Answer: While I was staying in Munich during Christmas 1942/43, Hans Scholl introduced me to Dohrn in my studio. I do not know why Hans Scholl introduced me to this Dohrn, or why I met him. But it is not unusual for me as an architect to be recommended to various people or to be introduced to them. On the afternoon when I met Dohrn, the Scholl siblings, Geyer, and as best as I can recall another woman in my studio. They were there to talk.

During this meeting, primarily Dohrn talked, telling about his life, his [physical therapy] practice, and his stage productions in Hellerau, about trips abroad and other things as well. I could not tell from that conversation what Dohrn thinks of the current regime, or what his political viewpoints were.
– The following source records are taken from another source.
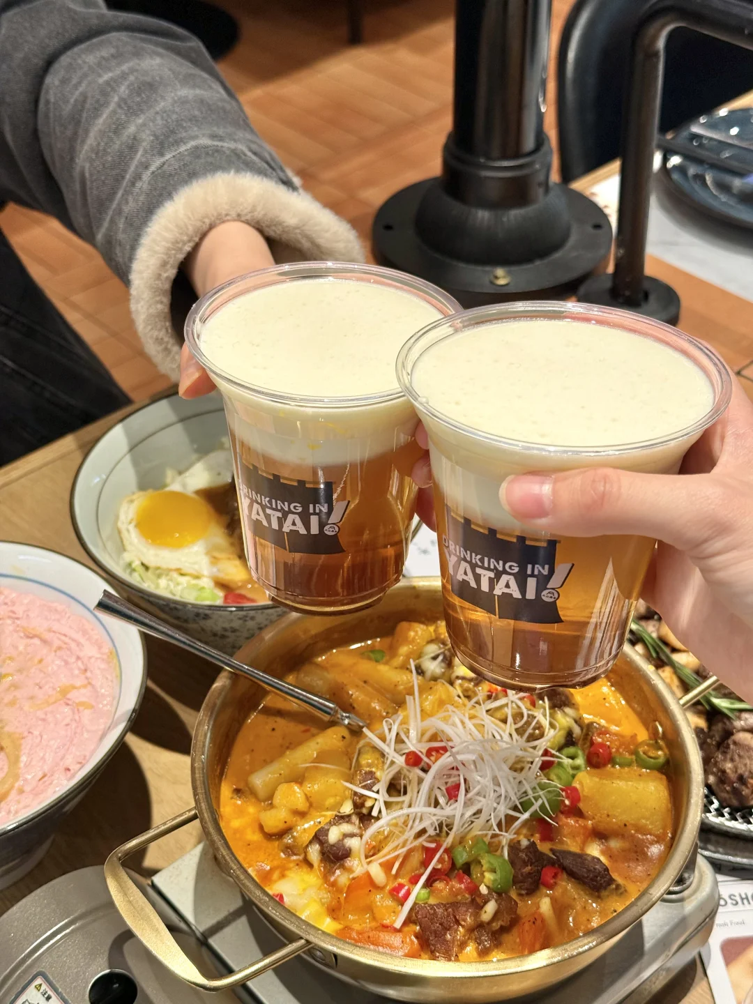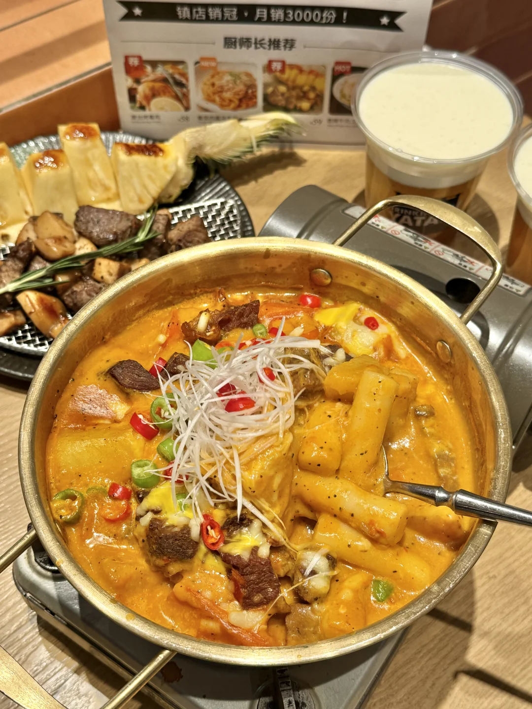 梦时代这里!! 已经来了很多次的二人食小店 - 这次吃上了粉红奶油🫧乌冬面 🤤咖喱味依旧好浓!! 每根乌冬面还有肥牛片都裹满了咖喱 嗦一大口香晕了 当然还要人手一杯黄油啤酒🍺好好喝👅
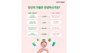 CJ올리브영(이하 '올리브영')이 내·외부 데이터를 활용한 '트렌드 리포트'를 정기 발간한다고 14일 밝혔다.올리브영은 기존 연 1회 제작하던 '뷰티·헬스 트렌드 키워드' 외에 더 세부적이고 다양한 분석을 담은 리포트를 선보인다.리포트는 올리브영 내부 데이터를 활용해 K뷰티 소비 패턴 분석과 같은 현상 제시부터 산업 전반의 미래 조망 등 광범위한 주제로 기획된다. 올리브영은 누구나 쉽게 이해할 수 있도록 인포그래픽 등을 활용해 리포트를 제작할 예정이다. 첫 콘텐츠로 선보인 기후 분석 리포트 '당신의 가을은 안녕하신가요?'는 최근 5개년 치 내부 데이터와 외부 기후 데이터를 결합해 분석한 자료다. 9월에도 늦더위가 이어지는
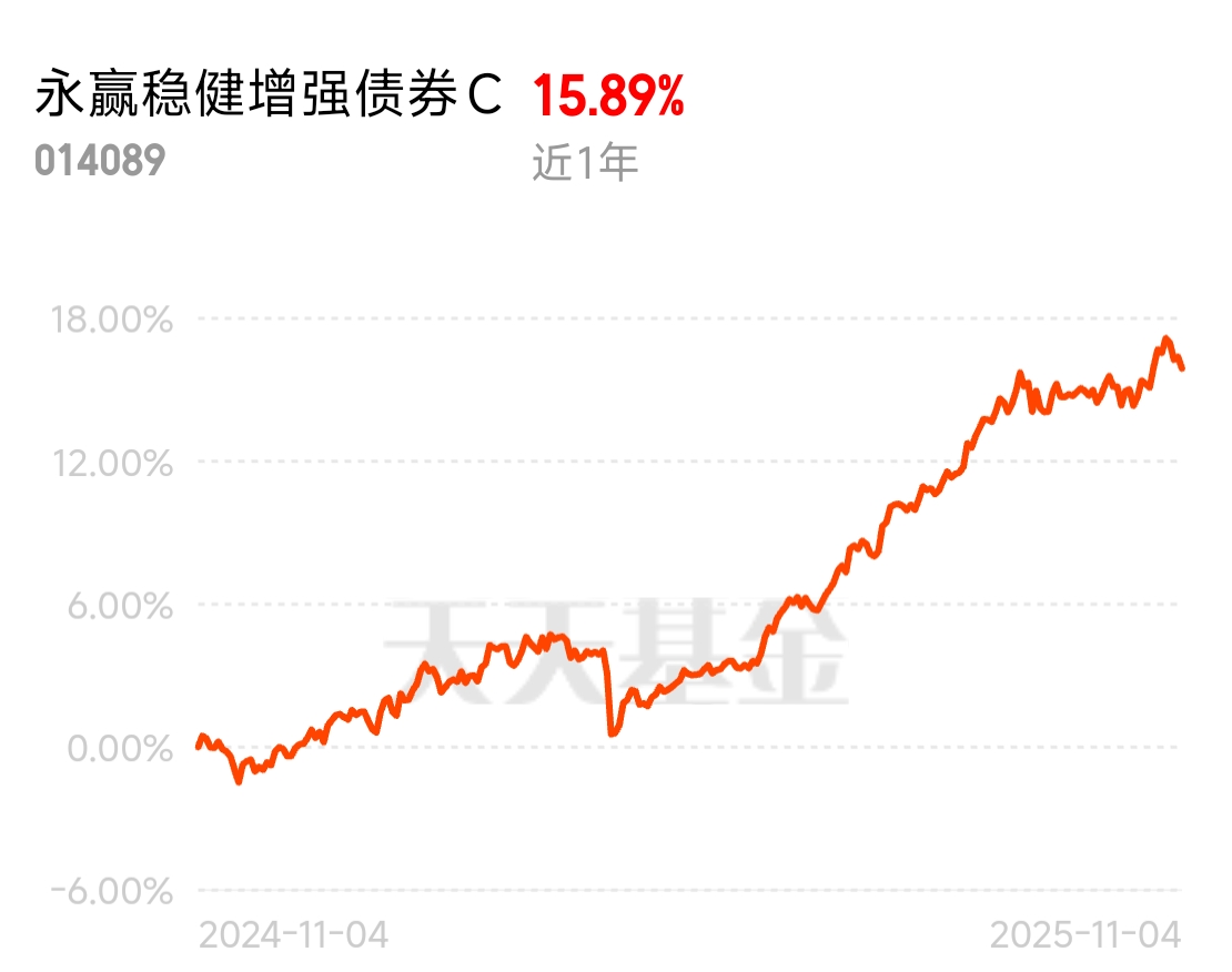 债市下午这边也迎来上涨,我顺势布局$永赢稳健增强债券C$,今天预估值有20个大蛋,表现很强,就算遇到行情震荡下雨天气波动回撤也较小的,因为低波固收+的特性也赋予了较强的抗风险能力,它持仓也很明确,属于股债双线布局,这样稳健的同时,还能蹭波股基行情的肉,鱼和熊掌兼得,近1年15%收益率啦,不仅紧跟市场节奏,更在稳健中不失进取,完美跟上今年行情节奏$永赢稳健增强债券C$
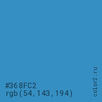 Цвет #368FC2 в цветовой модели RGB обозначается тремя октетами (54, 143, 194) в десятичном формате и #368FC2 в шестнадцатиричном (hex) формате, которые являются интенсивностью красного 54 (hex 36), интенсивность зелёного 143 (hex 8F) и интенсивность синего 194 (hex C2).
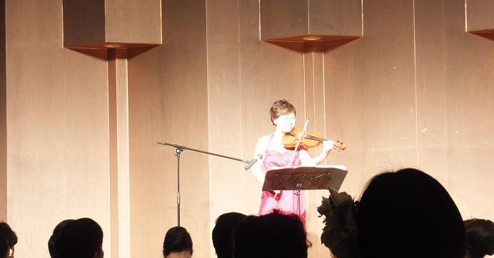 開場です。パーティーのオープニングはバイオリンの演奏です。この人着付けの先生なのです。
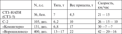 Теперь сравним цифры, указанные в таблице, с весом наиболее распространенных артсистем. Как известно, самыми тяжелыми орудиями, которые стояли на вооружении стрелковых, моторизованных и танковых дивизий Красной Армии, были 152‑мм гаубицы и 85‑мм зенитные пушки. Вес той и другой систем находился в диапазоне 4,5–4,3 т. Таким образом, даже самый простой и дешевый СТЗ‑5 мог обеспечить буксировку любых систем дивизионной артиллерии. На вооружении корпусных артполков наряду со 152‑мм гаубицами стояли значительно более тяжелые системы: 122‑мм пушка А‑19 (вес 7,8 т) и 152‑мм пушка‑гаубица MЛ‑20 (7,9 т). Для буксировки орудий такого веса на Челябинском тракторном заводе был разработан и запущен в серийное производство мощный дизельный тягач С‑2. Тяговые характеристики этой гусеничной машины обеспечивали буксировку практически всех орудий дивизионной и корпусной артиллерии, а также эвакуацию подбитых легких танков. Несмотря на то что выпуск С‑2 пришлось прекратить уже в 1942 году (производственные мощности Челябинского завода были переведены на массовый выпуск танков), надежные и мощные тягачи этого типа простояли на вооружении советской артиллерии до начала 50‑х годов. В артполках и отдельных дивизионах большой и особой мощности РГК использовались орудия совсем другой «весовой категории»: 203‑мм гаубица Б‑4 (19 т), 152‑мм пушка Бр‑2 (19,5 т), 280‑мм мортира Бр‑5 (19,7 т), 305‑мм гаубица Бр‑18 (45,7 т). Эти системы метали снаряды весом от 100 до 330 кг, и их использование планировалось главным образом для разрушения железобетонных дотов. Относительно массовой среди всей этой артиллерийской экзотики была только 203‑мм гаубица Б‑4 (871 единица), но и она никак не предназначалась для совместных действий с механизированными соединениями. Тем не менее созданные для буксировки тяжелых артсистем гусеничные машины сыграли важную роль и в деле формирования новых механизированных корпусов, так как их высокие тяговые характеристики позволяли использовать артиллерийские тягачи для эвакуации с поля боя подбитых танков. Наиболее распространенным тяжелым гусеничным тягачом был «Коминтерн», выпускавшийся на Харьковском паровозостроительном заводе № 183 им. Коминтерна (да‑да, именно так назывался крупнейший танковый завод мира). Оснащенный 130‑сильным двигателем, тягач развивал скорость до 30 км/час по шоссе и имел запас хода 220 км. На предельно низкой передаче (при скорости 2,6 км/час) «Коминтерн» мог тащить тяжелые артсистемы на подъеме до 40 угловых градусов. О надежности и ремонтопригодности этой машины можно судить по тому, что с 1 сентября 1942 г. и по конец войны было безвозвратно потеряно всего 56 тягачей этого типа! (17) В 1940 г. производство «Коминтернов» было свернуто, и высвободившиеся производственные мощности завода № 183 были задействованы для серийного производства «Ворошиловца» – гусеничного тягача с уже совершенно феноменальными тактико‑техническими характеристиками. Основой конструкции был 400‑сильный танковый дизельный двигатель В‑2 (ни один немецкий тягач или танк того времени не имел двигатель такой мощности). Без прицепа тягач развивал на шоссе скорость 42 км/час и имел запас хода 390 км, с полной нагрузкой – 20 км/час и 240 км. Другими словами, «Ворошиловец» способен был в течение одного светового дня и на одной заправке топлива переместить тяжелую гаубицу 
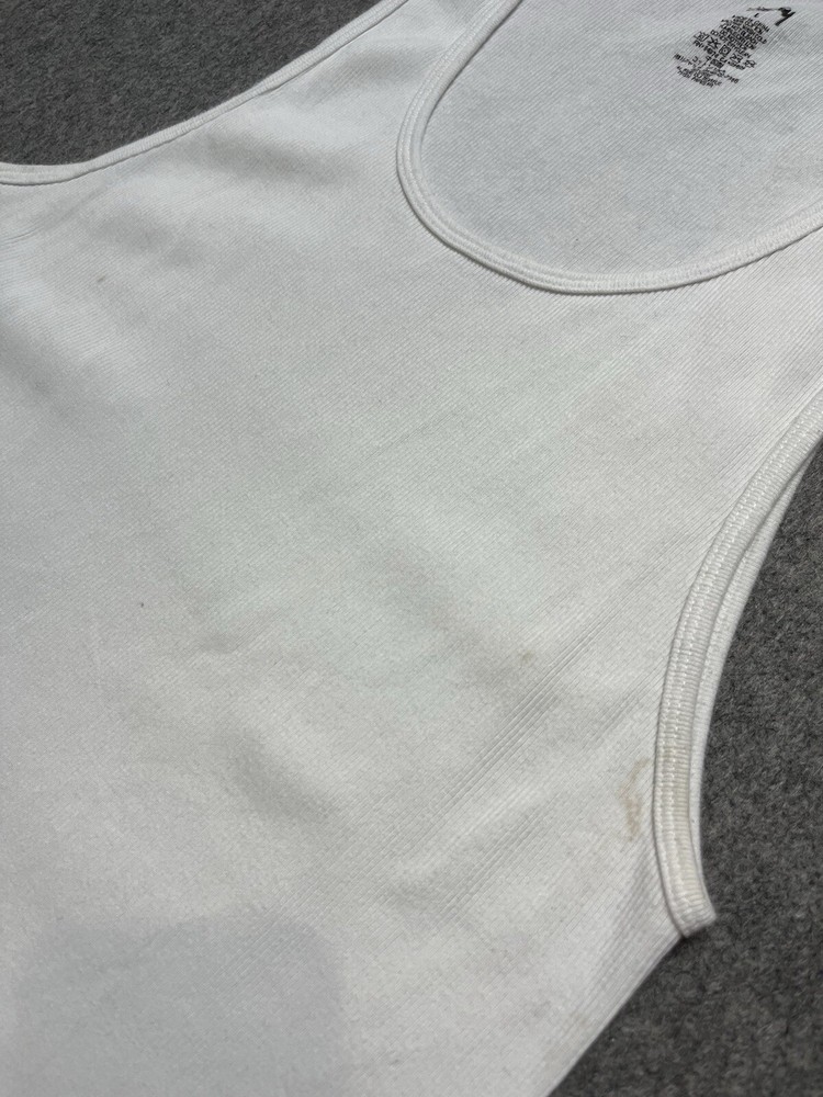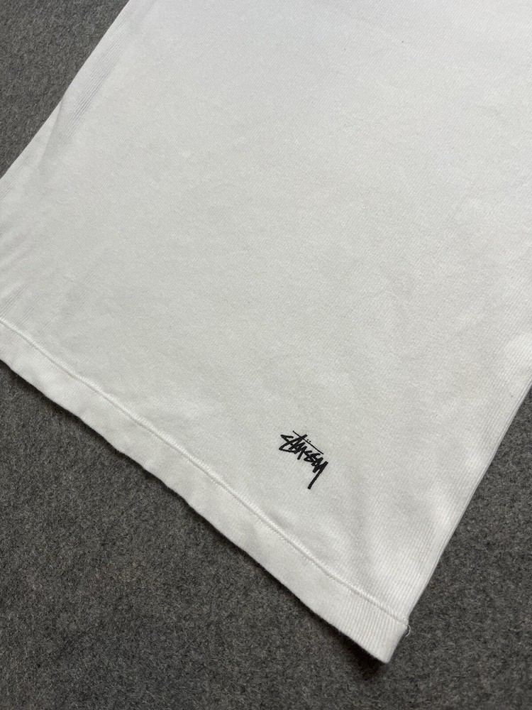 Color:WhiteFeatures:All SeasonsVintage:NoSleeve Length:SleevelessCountry/Region of Manufacture:MexicoSize Type:RegularTheme:Designer, Hip HopPattern:SolidFit:RegularType:T-ShirtDepartment:MenBrand:StussyMaterial:CottonSize:L

When I am told that Dohrn is a fanatical adherent to and apologist for the Catholic Church, I believe I can confirm that question. I recall that Dohrn talked about the incompatibility of Catholics and National Socialists [Note 6]. He also took a stand against Prussiandom and let us know that he could not agree with National Socialistic ideology. But I did not see anything that suggested he undertook any activities against the current regime.

As usual, Hans Scholl remained withdrawn, even during Dohrn’s discourse. However, the last time I visited them in Scholl’s apartment, Sophie Scholl said that she could not reconcile [the notion of] man’s free will with thoughts of God’s omniscience.

I never allowed myself to be drawn into seditious statements on any occasion. I freely admit that many experiences in my life have caused me to be critical [of the current regime].

Recorded by: /Schmauβ/, Crim. Secr.

Read aloud and signed by: /Manfred Eickemeyer/

Present: /Schuster?/


Note 1: Bekanntschaft. Not a close friend.

Note 2: Flugblatt – singular leaflet, not the series.

Note 3: Prokurist. While rarely the Chief Financial Officer, the Prokurist often serves as Secretary-Treasurer and fiduciary agent for a corporation.

Note 4: Kameraden. Literally, comrades.

Note 5: Typed runic SS.

Note 6: Katholiken und National Sozialisten, not the Church and the NSDAP or National Socialist ideology.